How to ace your next ML interview

By: Allen Lu, CTO & co-founder at Adaptilab

Tech interview. Just hearing these two words is enough to send a shiver down most people's spine. The thought of having to come up with the solution to a complex problem in under an hour, all while being evaluated by a complete stranger, is terrifying.

For software engineers, the frightening nature of tech interviews is largely mitigated by the hundreds of books and guides that give insight and tips on how best to prepare for an interview. However, there are not nearly as many guides on preparing for machine learning interviews, and the ones that are out there tend to focus too much on theory or minute details.

With this blog post, I'll be shedding some light on how to really prepare for machine learning interviews. Much of this advice comes from personal experience, as well as insight from machine learning engineers at tech corporations like Google and Microsoft. Therefore, this post is intended for prospective machine learning engineers, rather than researchers or data scientists.

Less theory, more concepts

A common theme I see in most ML interview advice guides is the heavy focus on linear algebra and theorems.

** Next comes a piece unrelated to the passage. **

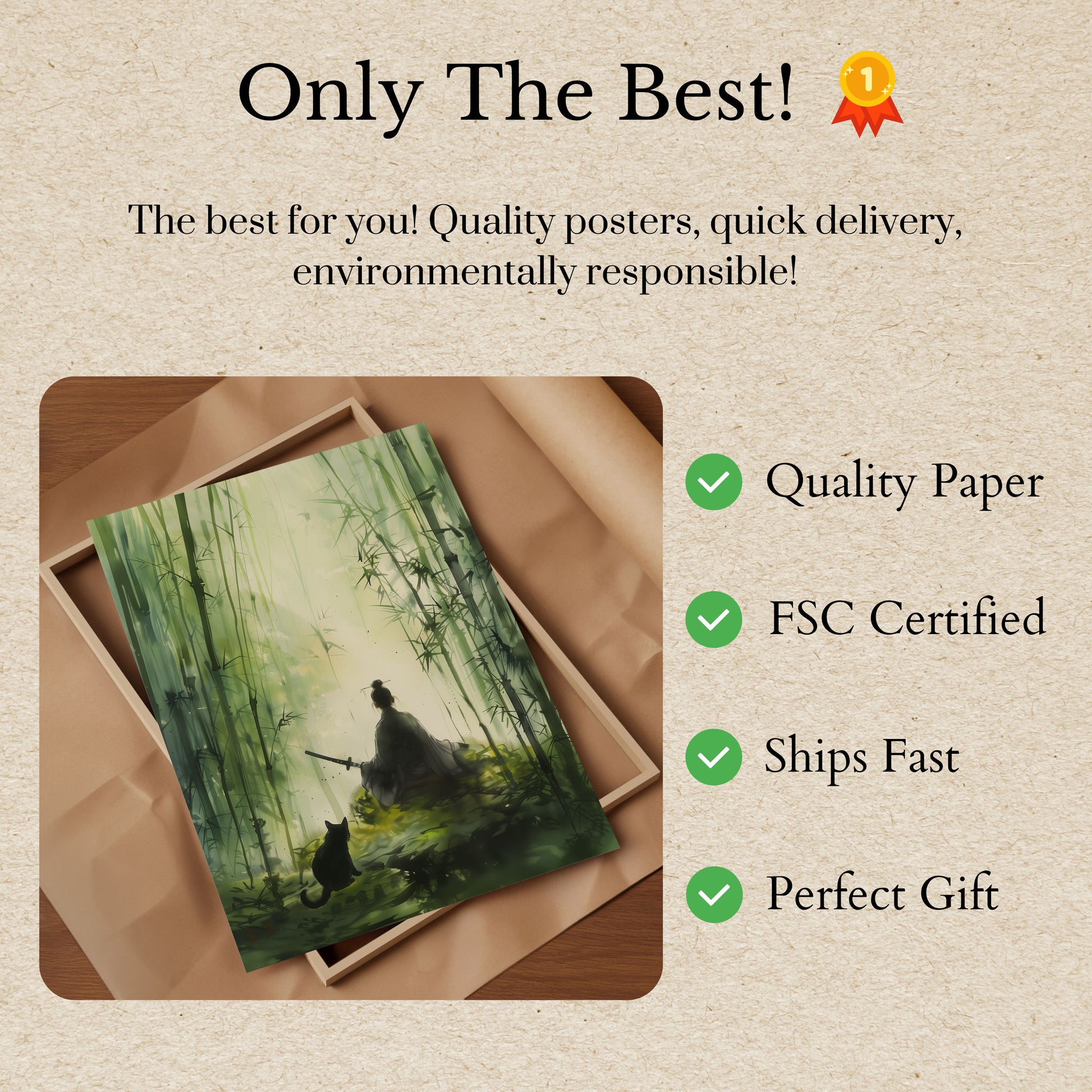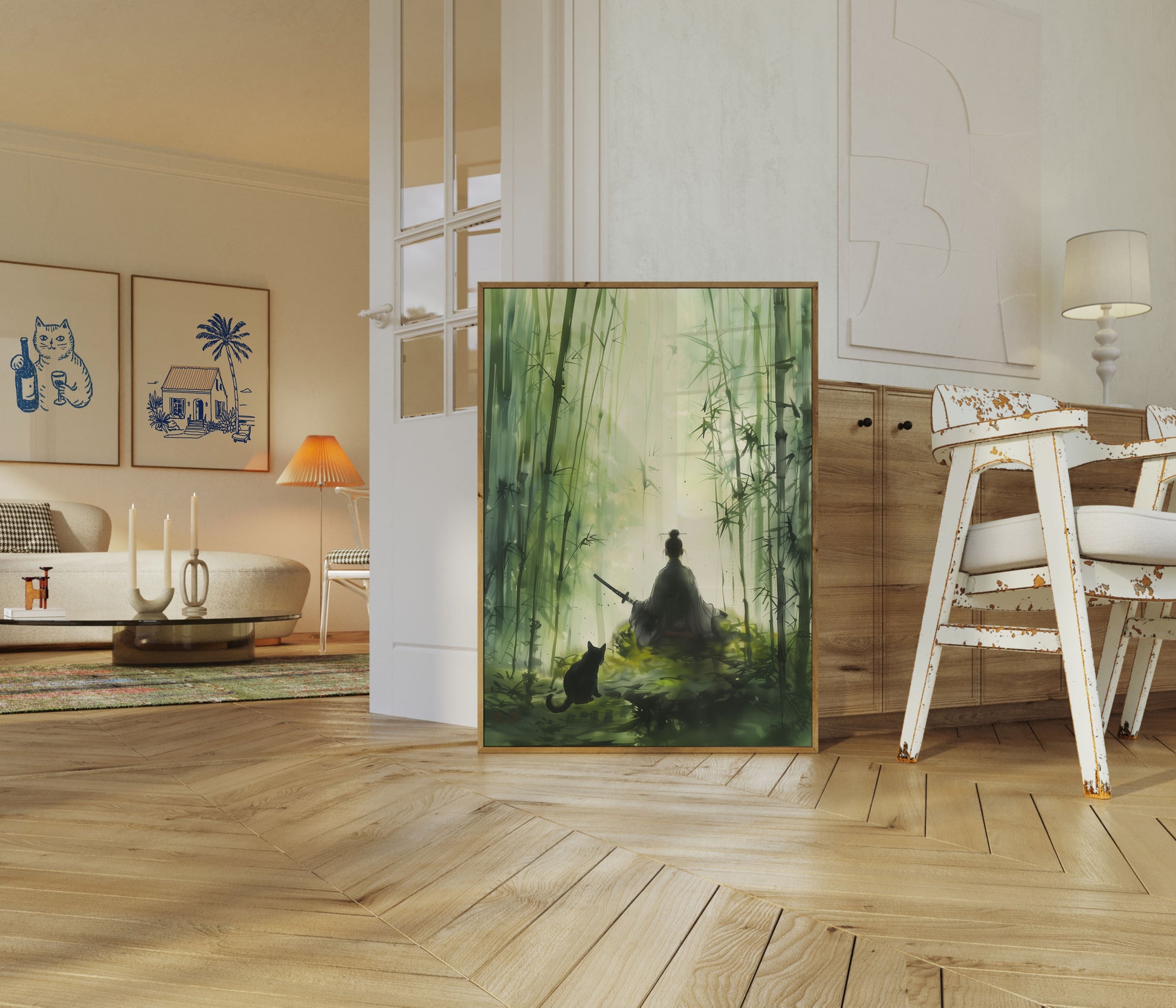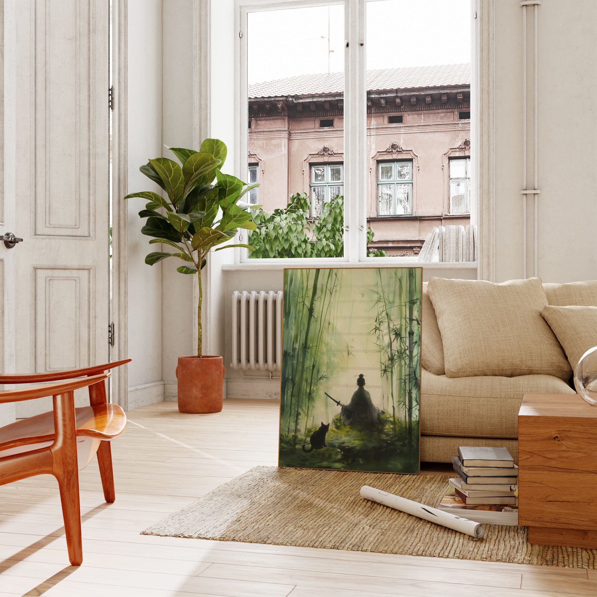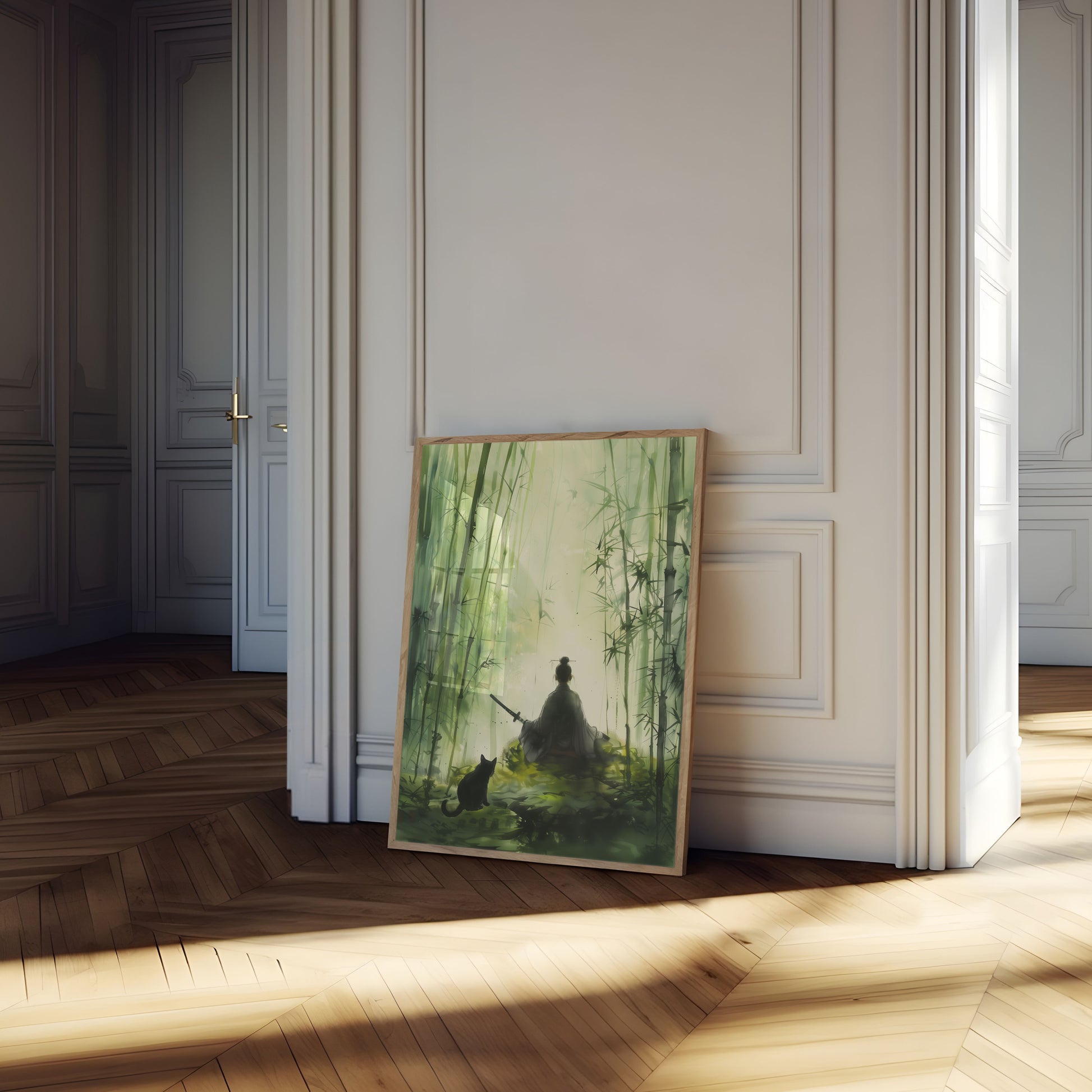 Adéntrese en un mundo sereno y místico donde una figura solitaria medita en medio de un exuberante y brumoso bosque de bambú. Los suaves tonos verdes se combinan a la perfección, creando una atmósfera etérea de calma e introspección. Un gato negro se sienta cerca, aportando un toque de silenciosa compañía a esta tranquila escena que evoca antiguas tradiciones espirituales japonesas.

After reading these guides, you'll probably be preparing for an ML engineering interview the same way a Master's student prepares for a theoretical ML final.

While the theoretical content may be important for research and academia, it is pretty useless when preparing for an industry ML engineering interview. Not only does theoretical ML rarely come up in an engineering job, the engineer interviewing you will likely have forgotten all the theoretical stuff they learned in college. Sure, they'll know basics like matrix multiplication and dot product, but advanced topics like quadratic programming and Hessian matrices?

Most ML engineers don't even remember what a Hessian matrix is, let alone how to derive one.

Instead of theoretical topics and formulas, what you really should focus on are the main concepts in machine learning. An ML engineer's job is largely centered around building models for specific tasks using frameworks like TensorFlow. They don't need to know the calculus behind backpropagation and gradient descent; they can just call an API function. Instead, they need to know things like which models to use for certain tasks, how they might improve training speed or model accuracy, and above all else, how to code machine learning models.

In an interview, you'll be asked to code simple machine learning models for tasks like classification or regression. You'll also be asked to identify problems with certain machine learning approaches, and how you would fix them. All these interview topics are conceptual rather than theoretical because an ML engineer's job is based on concepts, not theory.

Know the domain

Along with focusing on general machine learning concepts, you'll want to really prepare for questions specific to the job's domain. For example, if you're interviewing to be a self-driving car engineer, you'll definitely need to prepare for questions on image recognition and convolutional neural networks. On the other hand, if you're interviewing for a text analysis position, you'll want to know concepts related to natural language processing.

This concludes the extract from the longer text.